Condes de la bravura y Alcalde del milagro
Emociona un torrente de casta llamado Jaro dentro de un conjunto de Mayalde que se arrastró con las orejas
Lo que pasa en los corrales de Madrid es un misterio que sólo conoce Florito, que ya no es el veedor pero sigue mandando como mayoral. El baile del último festejo fue completo: rechazado el conjunto de Sánchez Herrero, se embarcó uno de Conde de Mayalde, un hierro con garantías que no falló y con el que la terna –¡qué difícil es ser torero!– no anduvo a la altura. Al primero, Escultor, se le adivinó su buena condición desde que Mario Alcalde lo saludó. Entre galleos y quites, unos cuantos capotazos se llevó antes de la eficaz lidia de Serrano. La espera del cartucho de ‘pescao’ trajo un volatín de campeonato, como para quitarle el récord a Duplantis con la pértiga. Crujió el ruedo y crujieron los huesos del condeso, que quería pero apenas podía. Se agradeció el sentido de la medida del conquense, que a las seis y veinticinco no sabía del milagro que, una hora después, se fecharía un 16 de abril con su nombre. Ocurrió con el más feote cuarto, al que presentó la muleta en la distancia larga. Como un tren de mercancías lo arrolló en una voltereta violentísima. Como para partirlo en dos. Pero allí estaba Mario, al que ahora llamaban ‘Super Mario’, desmadejado pero sin arredrarse ante ningún Bwoser. Sin chaquetilla regresó a la cara del toro, porque más toro era que muchos de los que lidian por algunos lares las figuras. Gustó su vertical estilo y el sello de esos zurdazos con ayuda para hacer frente a Eolo. A pies juntos voló unos bonitos naturales de broche para exprimir el noble pitón de Chorlito I. Cuando quiso montar la espada, ni podía alzar el brazo por la paliza y la lesión. Aun así,
aprovechando la arrancadita del mayalde, enterró el acero con habilidad y los pañuelos asomaron por mayoría. Claro que el presidente decidió guardarse el suyo. Merecía recorrer el anillo, aunque sólo saludó y se marchó a la enfermería por el callejón.

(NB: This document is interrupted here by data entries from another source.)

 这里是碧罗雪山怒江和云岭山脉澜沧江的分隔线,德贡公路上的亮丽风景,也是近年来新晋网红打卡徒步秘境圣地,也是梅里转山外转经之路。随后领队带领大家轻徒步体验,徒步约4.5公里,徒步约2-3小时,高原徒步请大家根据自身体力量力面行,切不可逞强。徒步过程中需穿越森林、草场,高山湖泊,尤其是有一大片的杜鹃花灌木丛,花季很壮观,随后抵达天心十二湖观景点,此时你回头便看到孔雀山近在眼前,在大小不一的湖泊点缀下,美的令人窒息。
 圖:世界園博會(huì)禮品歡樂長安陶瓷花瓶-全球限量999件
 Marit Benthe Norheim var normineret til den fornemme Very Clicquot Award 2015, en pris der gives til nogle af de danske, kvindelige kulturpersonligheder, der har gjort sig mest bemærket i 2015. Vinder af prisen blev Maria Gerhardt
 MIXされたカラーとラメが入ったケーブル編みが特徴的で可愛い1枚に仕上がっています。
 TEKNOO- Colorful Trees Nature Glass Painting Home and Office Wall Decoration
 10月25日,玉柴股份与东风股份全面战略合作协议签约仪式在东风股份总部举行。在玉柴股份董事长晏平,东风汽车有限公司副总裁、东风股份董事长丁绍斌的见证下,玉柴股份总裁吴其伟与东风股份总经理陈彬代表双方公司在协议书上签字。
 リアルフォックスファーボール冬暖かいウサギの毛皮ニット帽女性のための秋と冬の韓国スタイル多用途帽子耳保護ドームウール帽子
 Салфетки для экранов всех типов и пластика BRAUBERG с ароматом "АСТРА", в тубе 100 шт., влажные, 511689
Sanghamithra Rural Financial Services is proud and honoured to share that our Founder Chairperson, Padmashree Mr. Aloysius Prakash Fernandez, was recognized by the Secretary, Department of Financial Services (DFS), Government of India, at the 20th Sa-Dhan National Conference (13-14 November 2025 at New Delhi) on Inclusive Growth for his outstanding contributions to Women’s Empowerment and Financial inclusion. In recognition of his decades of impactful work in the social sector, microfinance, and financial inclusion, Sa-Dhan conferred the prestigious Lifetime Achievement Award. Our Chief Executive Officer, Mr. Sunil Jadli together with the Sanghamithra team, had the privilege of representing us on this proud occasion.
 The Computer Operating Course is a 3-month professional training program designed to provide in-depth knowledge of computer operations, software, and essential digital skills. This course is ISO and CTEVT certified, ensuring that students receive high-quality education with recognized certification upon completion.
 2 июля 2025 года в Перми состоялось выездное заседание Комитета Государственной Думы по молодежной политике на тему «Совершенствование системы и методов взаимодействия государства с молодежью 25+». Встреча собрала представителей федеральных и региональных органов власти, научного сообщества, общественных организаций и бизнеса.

Escasa la petición en el segundo, un Jaro de bandera que llevaba las escrituras de un cortijo en cada pitón. Corrió turno José Rojo al ir para atrás el titular y asomó este bizquito 28. Qué codiciosa máquina de embestir. De apuesta y mando. El trujillano lo intentó con denuedo, pero sin estrecheces, ligerito y sin alcanzar ninguna cumbre con aquel torrente de casta, que, cierto es, hubiera sacado los colores a más de uno. Entre ovaciones despidieron a Jaro mientras a Rojo le frenaban la vuelta. Un tío fue luego el sobrero de Villamarta, que se movió con aspereza y al que mató con contundencia.
Los voluntariosos propósitos de Carlos Domínguez apenas tuvieron eco ni con el mejor tercero –con sus teclas– ni con el desclasado y serísimo sexto.